= Beginning of Section =
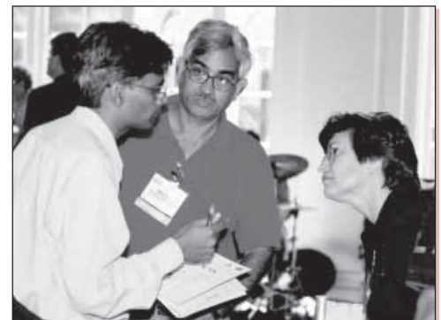
The Exhibit Hall was bustling with activity throughout the week as attendees had the opportunity to get insight on products, equipment, and other thyroid-related initiatives.

Visit www.thyroid.org to view a slide show of the meeting and streaming video of clinical sessions.
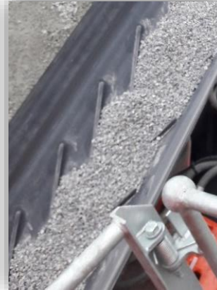
Middle Grade Product
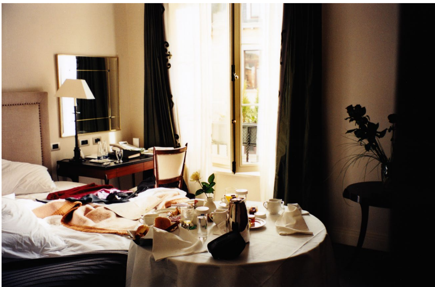
Annie Ernaux & Marc Marie Room 223 of the Hôtel Amigo, Brussels, 10 March, 2003 C-print 20 x 13 cm | 7 7/8 x 5 1/8 in Framed: 36 x 29 x 3 cm | 14 1/8 x 11 3/8 x 1 1/8 in Edition of 3 + 2 AP AE/PH 2
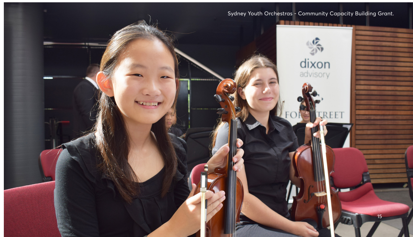
Sydney Youth Orchestras - Community Capacity Building Grant.
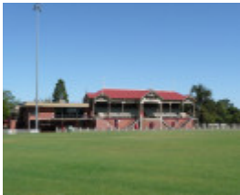
PRINCE'S PARK SOHE 2008
= End of Section =
> Task
Scan the material above for the string "thyroid", and copy every line where it is found.

> Expected answer
The Exhibit Hall was bustling with activity throughout the week as attendees had the opportunity to get insight on products, equipment, and other thyroid-related initiatives.
Visit www.thyroid.org to view a slide show of the meeting and streaming video of clinical sessions.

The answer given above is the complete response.